» Task input:
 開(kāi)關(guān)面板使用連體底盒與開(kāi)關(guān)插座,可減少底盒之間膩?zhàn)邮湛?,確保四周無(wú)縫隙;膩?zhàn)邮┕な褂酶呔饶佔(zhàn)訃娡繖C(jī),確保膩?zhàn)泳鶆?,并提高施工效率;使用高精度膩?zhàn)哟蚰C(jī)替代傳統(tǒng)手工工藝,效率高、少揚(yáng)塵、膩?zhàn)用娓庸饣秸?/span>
---
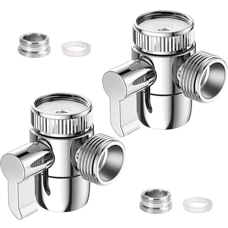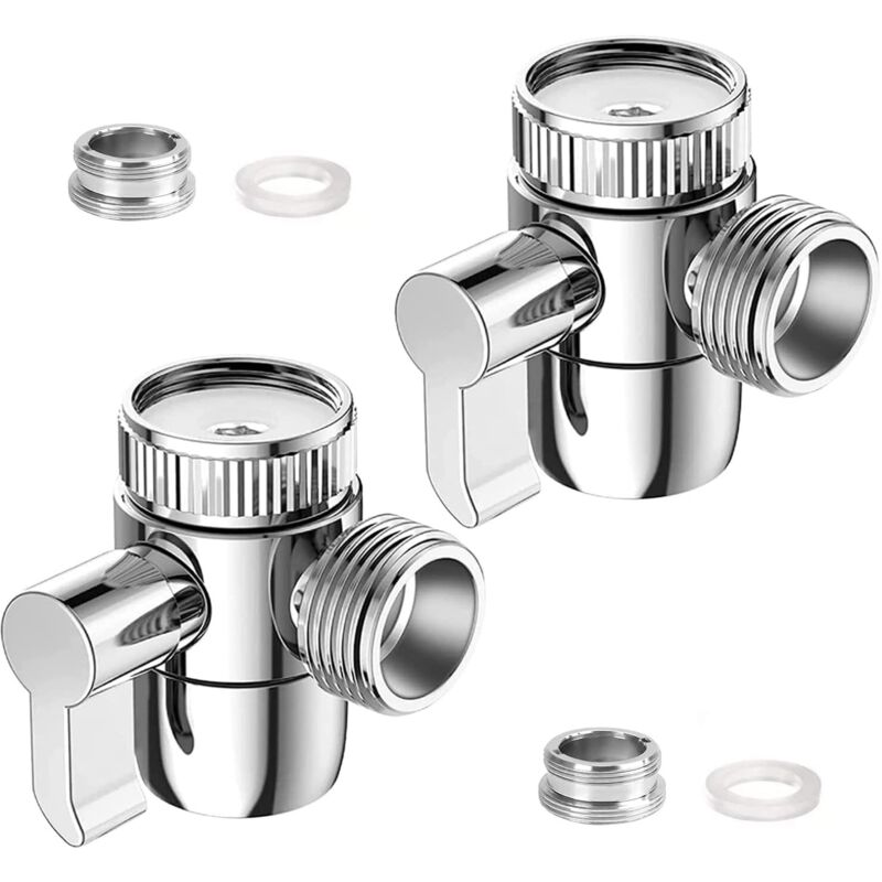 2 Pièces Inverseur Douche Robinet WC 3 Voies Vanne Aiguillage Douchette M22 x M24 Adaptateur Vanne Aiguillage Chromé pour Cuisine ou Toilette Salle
...
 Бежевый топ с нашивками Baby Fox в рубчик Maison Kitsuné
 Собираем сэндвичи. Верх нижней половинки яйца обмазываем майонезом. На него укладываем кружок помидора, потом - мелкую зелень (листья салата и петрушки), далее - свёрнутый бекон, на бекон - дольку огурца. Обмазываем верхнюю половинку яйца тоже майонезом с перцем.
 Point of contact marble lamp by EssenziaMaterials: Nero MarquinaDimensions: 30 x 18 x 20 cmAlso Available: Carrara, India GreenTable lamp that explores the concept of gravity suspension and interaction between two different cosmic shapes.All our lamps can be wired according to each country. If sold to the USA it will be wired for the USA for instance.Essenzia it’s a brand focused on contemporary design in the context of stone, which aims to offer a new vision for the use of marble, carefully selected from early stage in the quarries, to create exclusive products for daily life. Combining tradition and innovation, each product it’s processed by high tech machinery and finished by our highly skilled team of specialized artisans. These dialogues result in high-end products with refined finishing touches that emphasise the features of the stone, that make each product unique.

» Directions for this task: Return, unchanged, the run of lines above that opens with the line containing "Бежевый топ с" and closes with the line containing "Собираем сэндвичи. Верх". Include both.

» Output below:
 Бежевый топ с нашивками Baby Fox в рубчик Maison Kitsuné
 Собираем сэндвичи. Верх нижней половинки яйца обмазываем майонезом. На него укладываем кружок помидора, потом - мелкую зелень (листья салата и петрушки), далее - свёрнутый бекон, на бекон - дольку огурца. Обмазываем верхнюю половинку яйца тоже майонезом с перцем.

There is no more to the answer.